8. What and when do I need to pay?
This will be made clear to you when you negotiate your offer with the landlord/agent. Most landlords will ask for 1 month or 6 weeks rent as a deposit and the first months rent in advance. This will need to be paid before or at the time of signing the contract and checking in. If you are using an agent the landlord may ask you to pay the agent in advance then the agent will pay this to the landlord once the contract is signed.
The deposit that you pay must be registered by the landlord or the agent in the Tenancy Deposit Scheme. This is a government run scheme that will deal with any disputes over the deposit when you tenancy comes to an end. As long as you have paid your rent throughout your tenancy and have not caused any damage to the property you should get your deposit back in full.
Remember that when you pay your deposit and first months rent the landlord will require “cleared funds” before you can move in . Some transfers, especially from abroad, can take several days to clear so make sure that they are cleared in the landlords or agents account by the time you sign the contract.
9. When do I get the keys?!
On the day that you have agreed to start your contract you will meet with the landlord and/or the agent to sign the contract and check in. Your references will have been checked and your money will have cleared. The landlord or agent may carry out an inventory of the property making a note of the contents and condition, but this will have been agreed when you make your offer.

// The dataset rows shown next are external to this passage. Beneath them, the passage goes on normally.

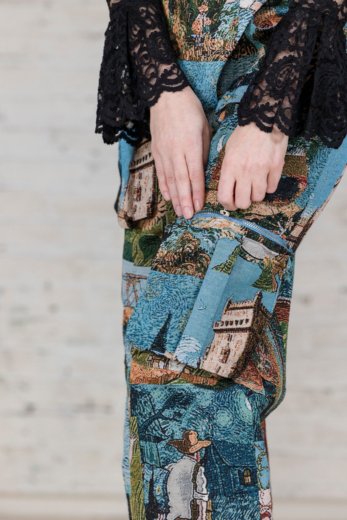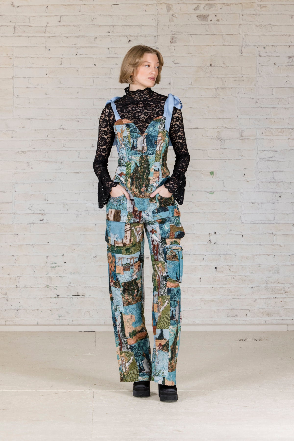 Top corsé sin tirantes multicolor con pantalón a juego con cierre de botón.
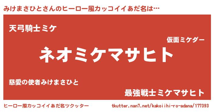 | ヘコむあだ名 | 『みけまさひと(笑)』『みけを』 |
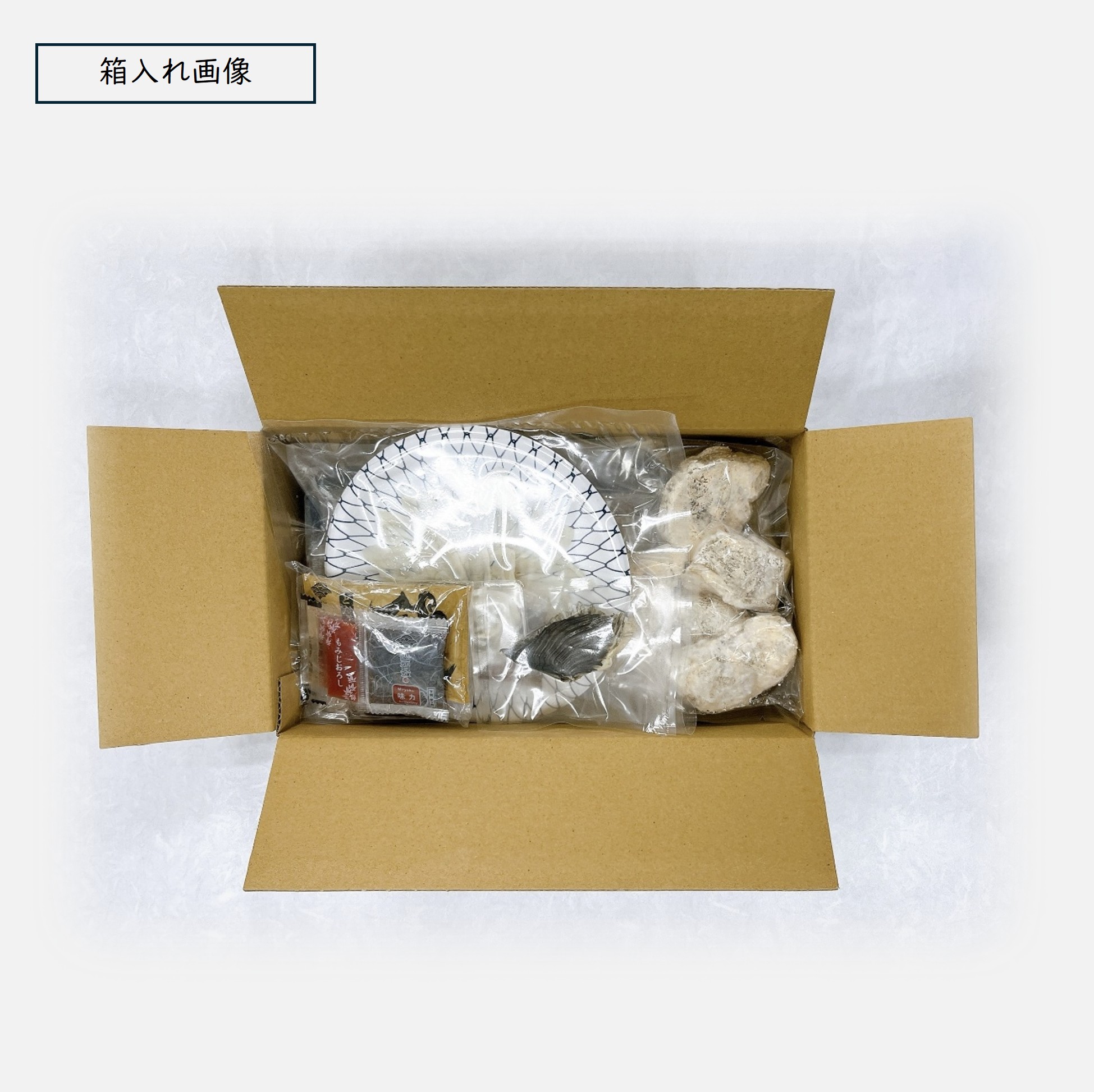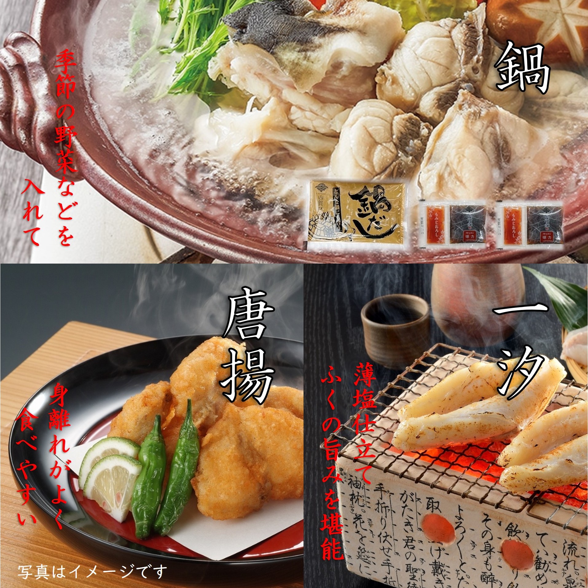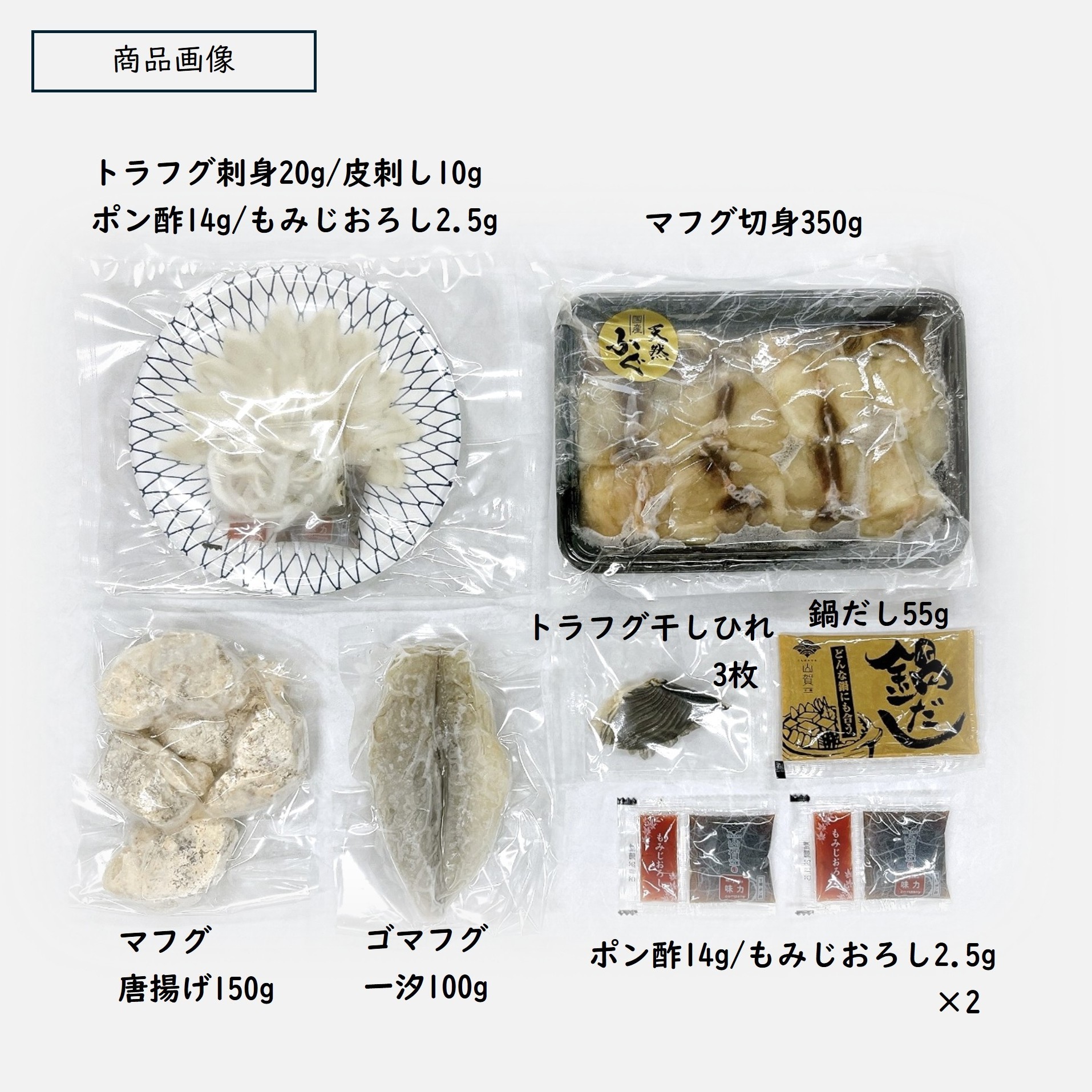 トラフグ刺身20g、トラフグ皮刺し10g、マフグ切身350g(ちり250g、アラ100g)、マフグ唐揚げ150g、ゴマフグ一汐100g、トラフグ干しひれ3枚、鍋だし55g、ポン酢42g(14g×3個)、もみじおろし7.5g(2.5g×3個)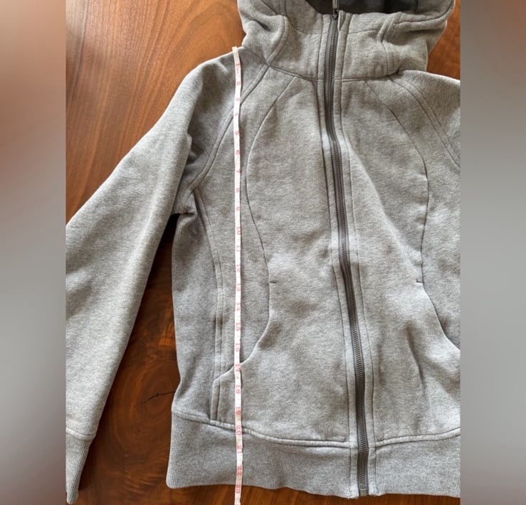 Scuba hoodie, gray, size 6 (the size tag was removed but there is a lululemon size 6 round mark inside the pocket) zipper, pockets, no flaws.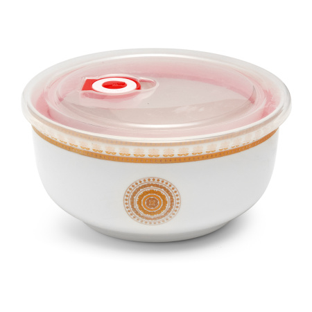 Посуда не впитывает в себя запахи еды, не окрашивается от продуктов. При необходимости салатники можно закрыть пластиковыми герметичными крышками, которые идут в комплекте. Крышки выполнены из пищевого полипропилена и имеют силиконовые уплотнители.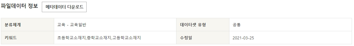 이번 포스팅은 전국 초중등학교 위치 표준 데이터 정보입니다. 초중등학교 위치 정보(학교명, 학교 위치 등)를 제공하며, 데이터 분류체계는 교육 - 교육일반입니다. 초등학교 소재지, 중학교 소재지, 고등학교 소재지 정보를 조회할 수 있습니다.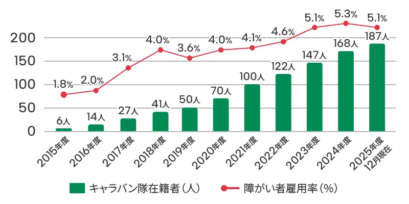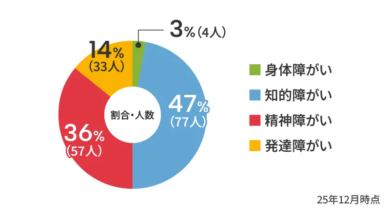 2025年9月現在、180名以上の方が在籍しており、障がい種別は、身体・知的・精神・発達とすべての属性の方が活躍しています。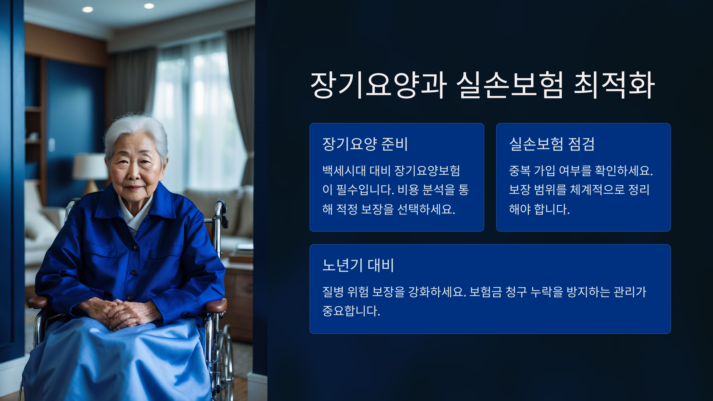특히 노후 실손보험은 자기부담금이 크기 때문에 보완책으로 장기요양 보장을 준비하는 게 좋아요. 지급 기준도 엄격해지고 있는 추세이니 미리 준비해두는 게 유리해요.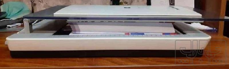 اسکنر مال خودم هست از اول تا الان دست خودم بوده الان 2 سال هست فلت انتقال تصویر اتصالی رنگ داره. تعمیر کار بردم ولی چون کلا 4 سانت از پایین صفحه رو ابی نشون میده من مشکلی باهاش نداشتم وازش استفاده میکنم.اداپتور هم دارد.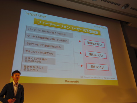そこで、フィーチャーフォンユーザーが持っている不安を解決する必要があります。河合氏は、その不安を大きくまとめると“電池が持たない”、“使いにくい”、“持ちにくい”の3点に集約できると説明します。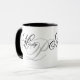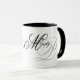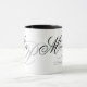 A scripted monogram of first name and the last initial in modern minimal colours of contrasting black, white and grey.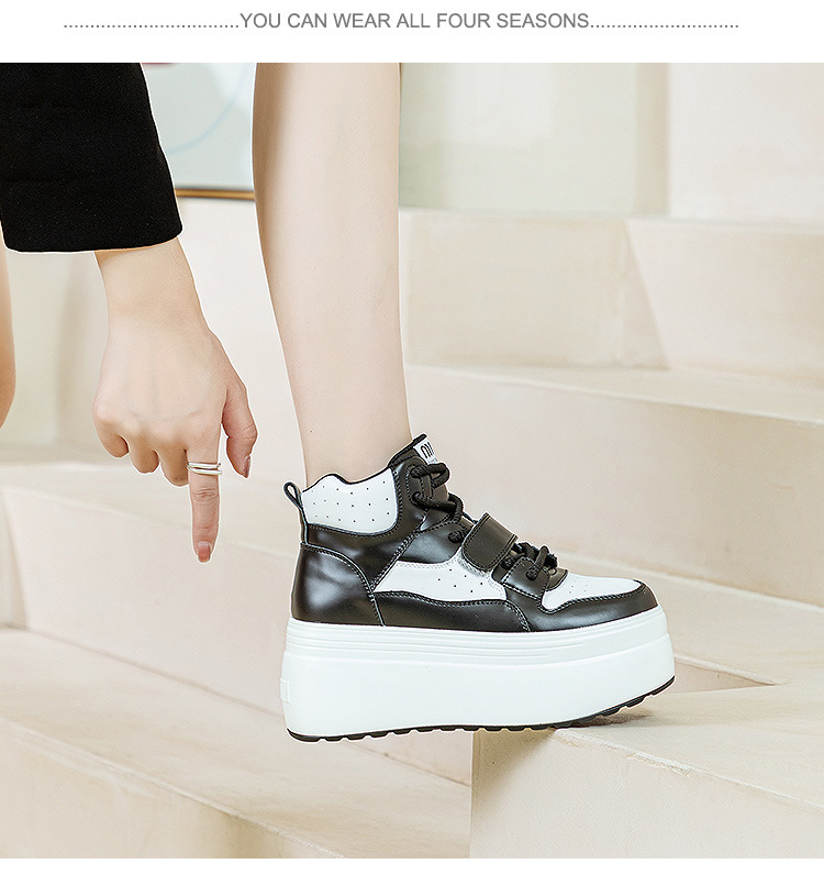 Giày thể thao nữ thiết kế với hai màu kết hợp nổi bật, lấy cảm hứng từ loài gấu trúc dễ thương. Kiểu dáng cổ cao giúp ôm trọn bàn chân, phần đế dày tạo cảm giác thoải mái và hỗ trợ tăng chiều cao nhẹ nhàng. Sử dụng khóa dán tiện lợi, dễ dàng điều chỉnh độ ôm vừa vặn. Đôi giày phù hợp cho các hoạt động thường ngày, dễ phối cùng nhiều loại trang phục khác nhau. | Tên sản phẩm: Giày Thể Thao Tăng Chiều Cao Nữ Đế Cao Hàng Mùa Xuân Thu Đông - Giày Dép Nữ | Mã sản phẩm: B3971 - Giá: 1.190.000đ | Mã nhà sản xuất: WERYAN-G04Hình ảnh sản phẩm

That’s it- you will now be able to enjoy your new property!
10. How do I pay my rent?
This will be agreed when you check in but generally it will be monthly and you will pay by standing order from your bank account directly to the landlord or to the agency.
What happens if I have any maintenance problems?
Call your landlord or agency. You will have discussed this when you make your offer and it should be clear in your contract who is responsible.
Renting in London is usually a safe business however there are criminals operating that will try and take advantage of a few unlucky people. To stay safe when looking for a rental property in London follow these points:
- you must always view any property before you pay any money at all
- never pay any money at all to view a property or to reserve it before you have seen it
- never pay any money at all to someone you haven’t met
- satisfy yourself that the person showing you has the right to rent this property to you. Are they an agent or the landlord- if so prove it
- ask as many questions as you can about the property and the individual showing it to you
- ask for receipts for everything that you pay (holding deposit, deposit, rent etc.)
- use your common sense. If it sounds too good to be true- it is!